Synthesis and in vitro cytotoxicity evaluation of novel naphthindolizinedione derivatives

Novel 6,11-dioxo-6,11-dihydro-benzoMpyrido[1,2-a]indole-12-carboxamide derivatives and the corresponding 7,10-dihydroxy analogues were designed in accordance with Moore's and Pindur's theory and synthesized based on the structural similarity with known antitumour agents such as ellipticine, daunorubicin, mitoxantrone and 9-aminoacridine-4 carboxamide derivatives.

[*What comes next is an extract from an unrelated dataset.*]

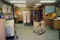 Photograph of two women stood inside the Stroud Branch of Innisfil Public Library, they can be seen standing behind a
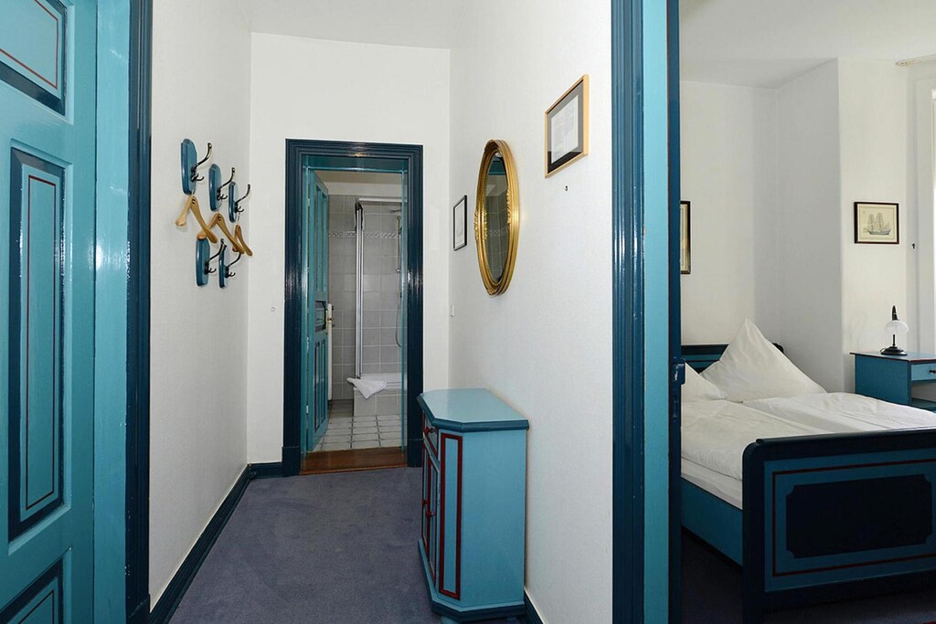 Zentrale aber ruhige Lage, nur zwei Minuten von Strand und Kurpromenade sowie fünf Minuten vom Wellenbad entfernt. Das historische Wyker Gästehaus wurde 1918 im Bäderstil erbaut und später mit viel Liebe und großer Sorgfalt restauriert. Ihr Aufenthalt in diesem Haus versetzt Sie um 80 Jahre zurück in die gute alte Zeit. Die Wohnungen tragen die Namen von alten Föhrer Kapitänen und Honoratioren. Abstellmöglichkeiten für Fahrräder befinden sich hinter dem Haus, Ihr Auto können Sie in der Seitenstraße parken. Das Stadtbild von Wyk auf Föhr wird geprägt von gemütlichen Friesenhäusern und verwinkelten kleinen Straßen. Zahlreiche Restaurants und Cafés mit Meerblick bieten die Möglichkeit, die wunderschöne Ruhe auf einer Insel auf sich wirken zu lassen. Die kleine Hafenstadt mit ihrem kilometerlangen Sandstrand und Parkanlagen mit teilweise exotischen Pflanzen ist ein perfekter Ort, um Abstand vom Alltag zu nehmen und so richtig aufzutanken.

These compounds, including structural variations of the amide side chain, were evaluated in the NCI panel of human tumour cell lines, from which 6,11-dioxo-6,11-dihydro-benzoNpyrido[1,2-a]indole-(2-dimethylamino-ethyl)-12-carboxamide 11a was found to be the most potent agent within the series. It showed good selectivity towards leukaemia, colon and renal cancer cell lines, with significant GI(50) values, from lower than 10 nM to 0.2 mu M. Moreover, its cytotoxicity against the adriamicine-resistant breast tumour cell line at a concentration lower than 1 mu M turned out to be higher than the values using the clinical anticancer agents, daunorubicin and mitoxantrone.